I am troubleshooting a Derailer V1 build for a friend, and I'm looking for a build document/schematic for it. I have the V2 one that's on the website, but the layout is obviously a little different...

Thanks!


----------



## rmjlmartin (Aug 31, 2019)

Does anyone have a copy of the build document for the earlier version of the Derailer?


----------



## Robert (Aug 31, 2019)

https://docs.pedalpcb.com/project/Derailer.v1.pdf


----------



## rmjlmartin (Aug 31, 2019)

Awesome, thank you!


----------



## ambusch85 (Nov 1, 2019)

I just finished mine, but just curious if others are getting similar response to the demo videos from Mike Hermans:





Mine sounds like it has twice the overall gain and not nearly as much treble.  The cab switch has a massive jump in volume from none to either the 4x12 or 2x12 options.  The gain seems like its either all on or all off and doesn't appear to respond particularly well with volume knob roll off on the guitar.  The Hi-cut i tend to have to keep below 12:00 to get some presence out of it (unless the presence switch is in high mode).  I've checked everything over, and will do so once again to make sure everything is correct, but wanted to see if anyone has similar response or confirmed the taper of the pots, or if mine might have something incorrect.  

I tried uploading the picture of my build but the file is too large.


----------



## mywmyw (Nov 1, 2019)

keep in mind the bright switch is pre gain, the presence is post gain, so the effect of the latter will be much more drastic. if you watch the pete thorn demo where he sweeps the gain knob while playing, the high end rolls off as the gain goes up, so adjust accordingly. the volume knob cleanup will be more useful if you have a treble bleed on your guitar volume pot.

there is a big volume jump as you switch in the 212 and 412 settings. thats normal.

yes it's an exceedingly gainy pedal. the gain goes up quickly from 0-halfway, then after that point the design "begins to mimic power tube saturation" according to ethos, so the "feel" changes. i keep the gain just below halfway usually.

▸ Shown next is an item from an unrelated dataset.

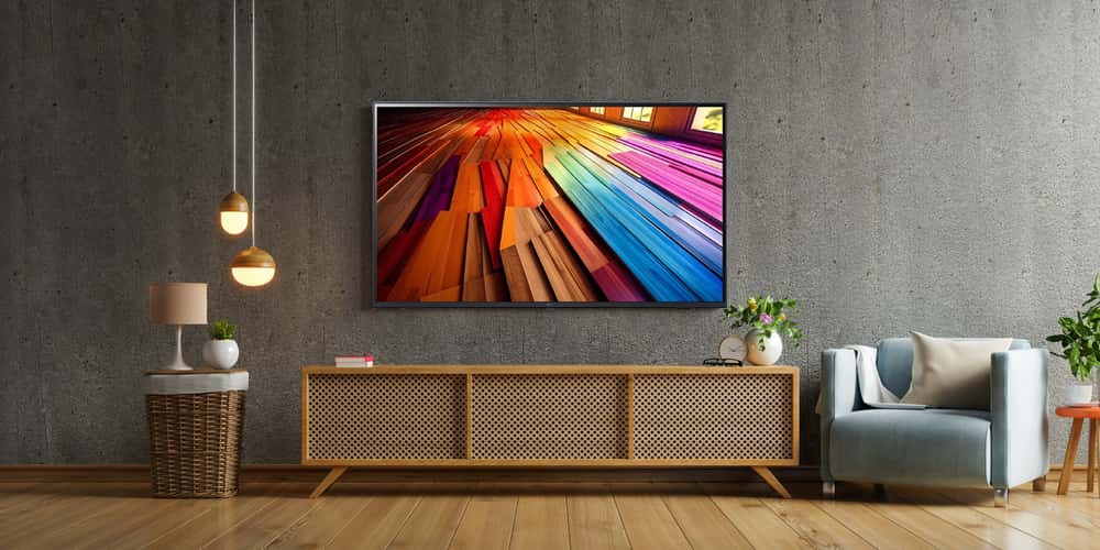 - Bên cạnh đó, tivi cũng mang đến cho không gian bày trí vẻ đẹp thanh lịch với cạnh viền nhựa vát phẳng tinh tế kết hợp cùng chân đế chữ V ngược thuôn mảnh. Dù bạn bày trí tivi bằng cách treo tường hay đặt kệ thì không gian nội thất cũng sẽ được điểm tô một cách đẹp mắt.

did you make sure to buy your opa2134 from a reputable source? i dunno how critical it is, but the opa2134 is known for its high fidelity and low noise, so it might help keep the highs over other dual opamps.


----------



## ambusch85 (Nov 1, 2019)

Thanks for your response mywmyw!

Pretty sure mine is operating as designed then. Yeah my 2134s are fairly old but if I recall they came from mouser digikey or small bear from a bulk parts purchase I did probably 5 years ago (or more).  Just played with it a bit more this afternoon & the guitar volume roll off seemed to work a bit better (I may have had the gain excessively  high previously when testing and messing with parameters). All the controls are fairly interactive with each other. It just seemed much treblier in the demos at different hi cut positions than what I was experiencing, and the gain levels seemed different @ different levels which is why I was questioning the pot tapers. Doesn’t really make any difference in the overall flexibility. I think I actually prefer the less bright sound, but wanted to double check others experience to see if something might be wrong with my build. I might eventually change the gain pot to an audio taper for better control for me, but overall, I dig it.

Thanks again!


----------



## Gordo (Nov 1, 2019)

Isn't this pedal pretty dependant on being the first in your chain?  Mine sounds great at home but on my live rig it sits behind a wireless receiver and doesn't sound anywhere near as good.


----------



## mywmyw (Nov 1, 2019)

ambusch85 said:


> Thanks for your response mywmyw!
> 
> Pretty sure mine is operating as designed then. Yeah my 2134s are fairly old but if I recall they came from mouser digikey or small bear from a bulk parts purchase I did probably 5 years ago (or more).  Just played with it a bit more this afternoon & the guitar volume roll off seemed to work a bit better (I may have had the gain excessively  high previously when testing and messing with parameters). All the controls are fairly interactive with each other. It just seemed much treblier in the demos at different hi cut positions than what I was experiencing, and the gain levels seemed different @ different levels which is why I was questioning the pot tapers. Doesn’t really make any difference in the overall flexibility. I think I actually prefer the less bright sound, but wanted to double check others experience to see if something might be wrong with my build. I might eventually change the gain pot to an audio taper for better control for me, but overall, I dig it.
> 
> Thanks again!




np. its a unique pedal. despite its ridiculously over the top gain, it still retains some stringiness and spank, esp with single coils. I often find that I have a hard time getting enough gain out of overdrives for my strat bridge pickup when i'm soloing or playing heavier rock. this pedal has more than enough gain and it still sounds nice and stratty underneath all that liquid sustain.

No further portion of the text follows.